- Location: South Surma Upazila, Sylhet, Bangladesh
- Date: 25 March 2017
- Target: Civilians and police officers
- Attack type: Terrorist attack
- Weapons: Explosive belts
- Deaths: 11 (including 4 suicide bombers)
- Injured: 40+
- Perpetrators: ISIL
- Assailants: 4 suicide bombers

= 2017 South Surma Upazila bombings =

Terrorist incident in Bangladesh

The 2017 South Surma Upazila bombings was a combined police and army raid of a suspected militant hideout in South Surma Upazila, Sylhet, Bangladesh, on 25 March 2017. During the raid, the militants targeted the Bangladesh Armed Forces who were surrounding the militant occupied compound in Sylhet. There were two suicide bombings which killed four civilians and two police officers and wounded more than 40, some critically. An army lieutenant colonel later died from his injuries. Bomb explosions and gunfire was reported when the military launched Operation Twilight to clear the militant hideout.
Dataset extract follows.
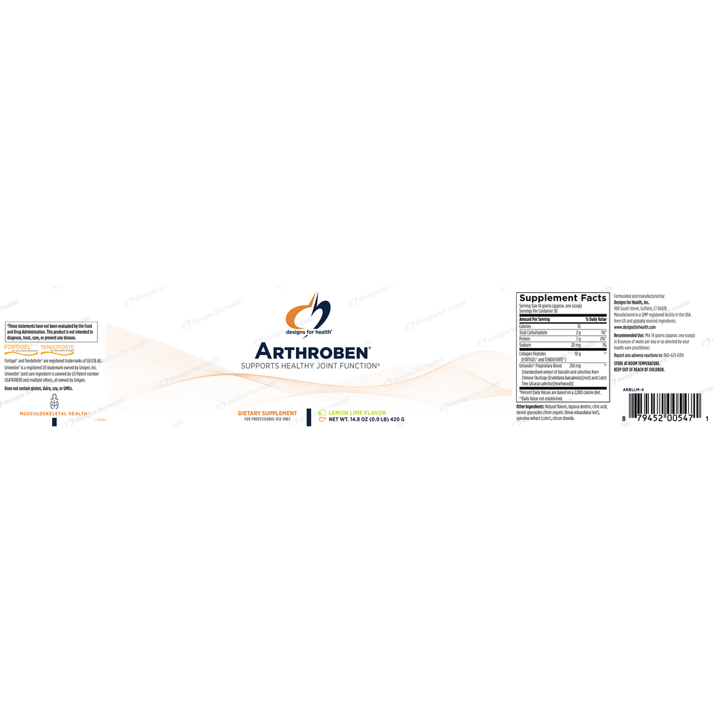 Arthroben® is a delicious tasting, highly absorbable powder designed to support healthy connective tissue and joint mobility. This formula features the patented collagen peptides Fortigel® and Tendoforte® that have been shown in studies to support joint function and promote tendon and ligament strength. Arthroben® also includes a proprietary blend of standardized extracts from Chinese skullcap (Scutellaria baicalensis) and cutch tree (Acacia catechu) to promote a normal inflammatory response, and it may help protect connective tissue from the damaging effects of free radicals.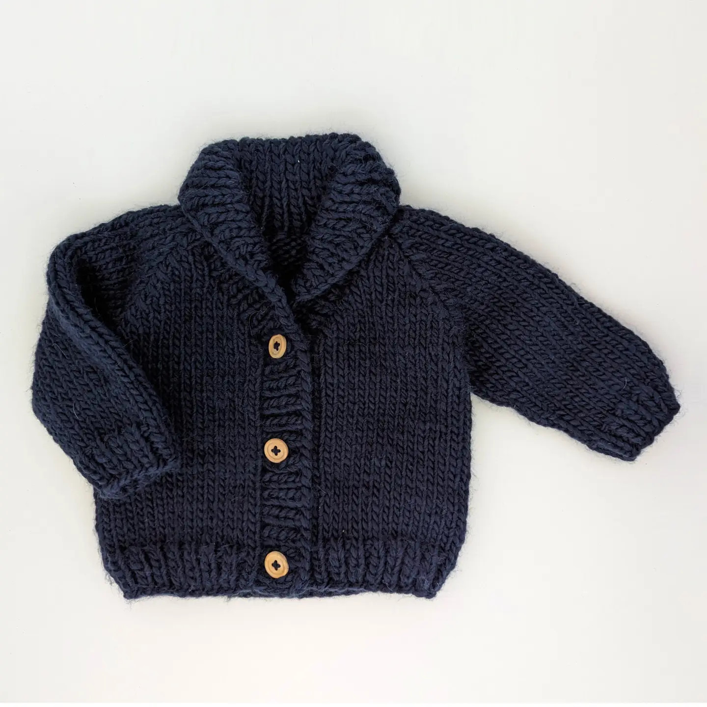 Here's a baby sweater that combines timeless style with modern comfort. This hand-knit chunky cardigan features a shawl collar and raglan sleeves, providing a fresh twist on a traditional design. Crafted from Indigo (navy) yarn, this sweater exudes elegance and sophistication. The natural wood buttons add a touch of classic charm, completing the look. Dress your little one in this cozy and stylish sweater for a truly adorable ensemble. Our sweaters are partially knit from recycled, sustainable Polyester yarn made from plastic bottles. We are on a mission to help reduce the world's plastic pollution problem ♻

ISIL claimed responsibility however, Home Minister Asaduzzaman Khan Kamal denied the ISIL claims and blamed the local terrorist group Jama’atul Mujahideen Bangladesh for the attacks. Finally the Bangladesh Army neutralised four militants at the suspected hideout.

== Background ==
On Thursday, 23 March 2017, the Bangladesh Police surrounded a suspected militant hideout in South Surma Upazila, Sylhet, Bangladesh. The hideout was located in a housing complex which consisted of two apartment buildings. The police unit was reinforced with personnel from Rapid Action Battalion on the Friday. On Saturday, the 1st Para Commando Battalion took charge of operations.

==Operation Twilight==
Operation Twilight was launched by the 1st Para Commando Battalion of the Bangladesh Army under the command of Major General Anwarul Momen, GOC 17th Infantry Division in Jalalabad Cantonment. First the security forces established a three kilometre perimeter around the militant hideout. Then the operation was launched on Saturday morning at 8 am. Two militants were killed in the initial attack, one of whom detonated a suicide vest. The commandos rescued 78 civilians who had been trapped in the building since Thursday. The militants had planted improvised explosive devices (IEDs) all over the building which slowed down the operation. The main gate of the building was blocked by a refrigerator with an IED booby trap attached to it. Army spokesman, Brigadier General Fakhrul Ahsan, initially reported that the operation would take more time because of the presence of scattered IEDs in strategic points inside the building. “We used a rocket launcher to punch a hole through the wall. We used explosives but those didn’t work out. Then we used a Thai shell and successfully neutralised two militants,” Brigadier General Fakhrul said. The commandos arrived in armoured personnel carriers from their military base for the operation. The building had 30 apartments and 150 rooms, and the militants constantly changed their location. The operation was launched on Saturday morning at 8 am. The Commando unit was assisted by SWAT forces and Bangladesh police. Finally four militants were found dead at the hideout.

== Bombing ==
On 26 March, while Operation Twilight was in progress, militants bombed a crowd of about 500–600 onlookers gathered near the cordon perimeter, which was about 400 metres from the militant hideout. Two bombs were used in the attack. The first was thrown by two individuals from a motorcycle at 6.45 pm. The second was left in a bag containing vegetables and exploded at 7.55, after police and RAB personnel moved into the area following the first explosion. Six people, including two police officers, were killed in the explosions and 44 injured. Lieutenant Colonel Abul Kalam Azad, director of intelligence of RAB, was seriously injured in the second explosion. He was taken to Sylhet MAG Osmani Medical College for primary care. Then he was flown to the Combined Military Hospital in Dhaka. He was later flown to Singapore for better treatment, but died from his injuries. Police Inspector Monirul Islam of the bomb disposal squad and Inspector Abu Kawser were killed outright by the second explosion.